== Segment start ==

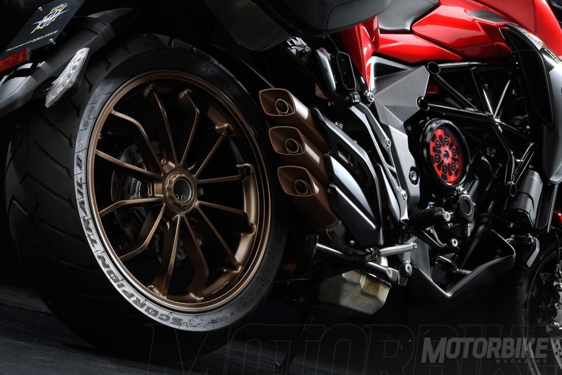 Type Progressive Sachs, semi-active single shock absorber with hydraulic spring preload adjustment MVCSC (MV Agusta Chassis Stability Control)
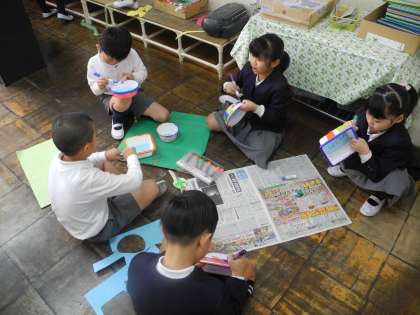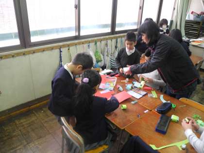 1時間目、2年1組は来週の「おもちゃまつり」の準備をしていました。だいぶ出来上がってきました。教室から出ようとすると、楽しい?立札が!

== Segment end ==
== Segment start ==

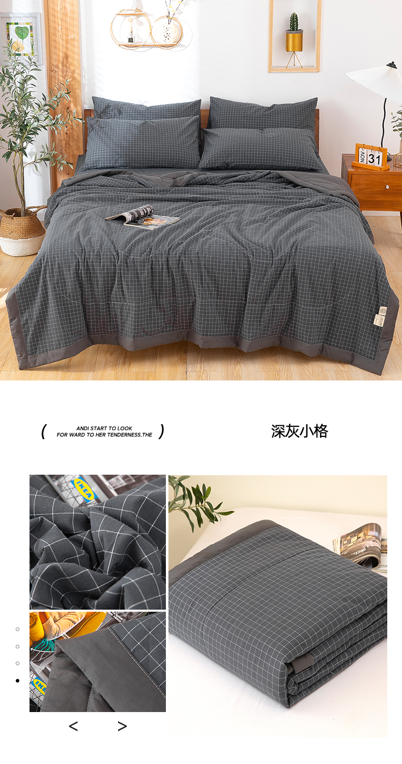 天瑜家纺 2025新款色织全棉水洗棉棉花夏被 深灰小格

== Segment end ==

* Exercise aim
Repeat the lines above exactly, beginning with the one containing "Type Progressive Sachs, semi-active" and finishing with the one containing "1時間目、2年1組は来週の「". No pictures belong in the copy.

* Answer space
 Type Progressive Sachs, semi-active single shock absorber with hydraulic spring preload adjustment MVCSC (MV Agusta Chassis Stability Control)
 1時間目、2年1組は来週の「おもちゃまつり」の準備をしていました。だいぶ出来上がってきました。教室から出ようとすると、楽しい?立札が!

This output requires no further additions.